El zaguán donde estaba ubicado el cajero electrónico, se hallaba desierto, salvo por los papeles y las latas y botellas de cerveza que, en situación de caos, y lánguidas, yacían en el piso como si un vampiro goloso las hubiera vaciado, de toda su sangre, la noche sabatina de la víspera. Y justo, cuando me disponía subir las escaleras para acceder a él, dime cuenta que, segundos escasos, antes, lo hiciera un hombre que partía de una moto estacionada en la acera, donde lo aguardaba su parrillera, una morenaza curvilínea que mirábame y sonreía, con algo de bellaquería. El hombre, que en lo más mínimo parecía burgués, intentó primero sacar dinero, pero de pronto se volteó para decirme que el cajero no estaba dándolo. Trate usted a ver, me dijo incluso con amabilidad convencional. Pues, traté de hacerlo, pero un inmenso pálpito me indicó que podía tratarse todo de una estratagema de él, para luego, de demostrarle que sí, me arrancara de un manotón la suma dispensada y me dejara con los ojos claros y sin vista y con la fortuna, eventual, de que otro daño no me hiciera. Dicho pálpito me obligó entonces a realizar una maniobra equívoca, que le permitiría al cajero negarme el dinero. Tampoco me dio nada, le respondí todavía alerta, y él se retiró buscando otro en los alrededores, mientras cascorvo aún, me dirigí a mi restorán de siempre para desayunar, que sólo al cruzar la avenida, me quedaba. Y estando sentado en la mesa, los vi pasar a través del generoso ventanal, sin que en sus rostros se reflejara nada de esos burgueses que, delinquiendo, justifican su desatino alegando la cínica razón de que dan empleo... Y me sonreía pensando, si aquello sería asunto o no de una buena suerte mía, y que, por lo tanto, no debía nunca prejuzgar aun precedido el instante de una palpitante y apriorística corazonada como la que tuve.

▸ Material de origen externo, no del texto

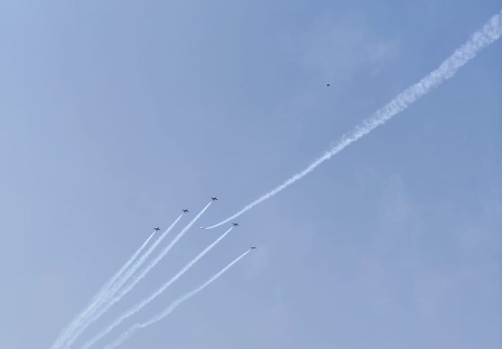 इस अवसर पर सैकड़ों नागरिकों और स्कूली विद्यार्थियों ने एयरोबेटिक शो का लुत्फ उठाया। बच्चों ने भारतीय वायु सेना के प्रति गर्व और उत्साह व्यक्त करते हुए “जय हिन्द” के नारे लगाए।राज्योत्सव के अंतर्गत आयोजित इस विशेष प्रदर्शन का उद्देश्य युवाओं में देशभक्ति और सैन्य सेवाओं के प्रति प्रेरणा जागृत करना है। सूर्यकिरण टीम के असाधारण कौशल और सटीक समन्वय ने सभी का मन मोह लिया।आयोजन स्थल पर सुरक्षा और यातायात व्यवस्था के पुख्ता इंतजाम किए गए थे। आमजन अब बुधवार सुबह 10 से होने वाले मुख्य एयरो शो का बेसब्री से इंतजार कर रहे हैं, जब सूर्यकिरण टीम अपने पूरे शौर्य के साथ राज्योत्सव समारोह में आकाश को तिरंगे रंगों से रंग देगी।

La oficina de un gastrónomo


Porque el agua esa media mañana decidió no visitarme disgustada debido a que nadie la administró, como siempre aspira, y dado que es sabido no conocer ella de obstáculos tontos para actuar y correr, con entera libertad, e incluso para vaciarse toda como una loca, me hube obligado a lanzarme a la calle, a mi restorán de siempre, con el inconveniente propósito, pero recompensante, de comerme dos arepas rellenas: una de pernil, con rueda de tomate, y la otra de cazón, esta vez muy bien escoltadas, ambas, por un cremoso marrón grande y por un denso batido de fresa, helado. Tal vianda, como para un combatiente de infantería, muy necesitado, fue para mí solo. Por lo que pido excusas… Cuando me senté lo veía de espalda con su pelo ralo, con su franela amarilla y bermudas azul celeste, y supe que no se valía mucho, por sí mismo, porque en la silla de al lado reposaban -una sobre otra- dos muletas. Tenía desplegados también sobre la mesa dos celulares, por los que hablaba mucho de manera alterna, lo que me hizo conjeturar que despachaba asuntos propios de sus negocios. Al cabo de casi dos horas que lo acompañara en silencio (salvo por lo de mis mandíbulas, que crujían) decidió pararse para irse. Y fue cuando le vi el rostro, muy demacrado. Se tambaleaba y se apoyaba en los espaldares de las sillas y hablaba con voz muy apagada. El mesonero lo auxiliaba, solícito, hasta que llegara para recogerlo un carro muy lujoso. Y de una manera heterodoxa se apoyó al caminar sobre las dos muletas, pero como si hubiesen sido ellas, mejor, dos bastones. La brisa soplaba en la misma dirección en la que desapareció dentro los vericuetos viales. Pero tampoco podía pararme yo cuando decidí la retirada. Y sin muletas a la vista.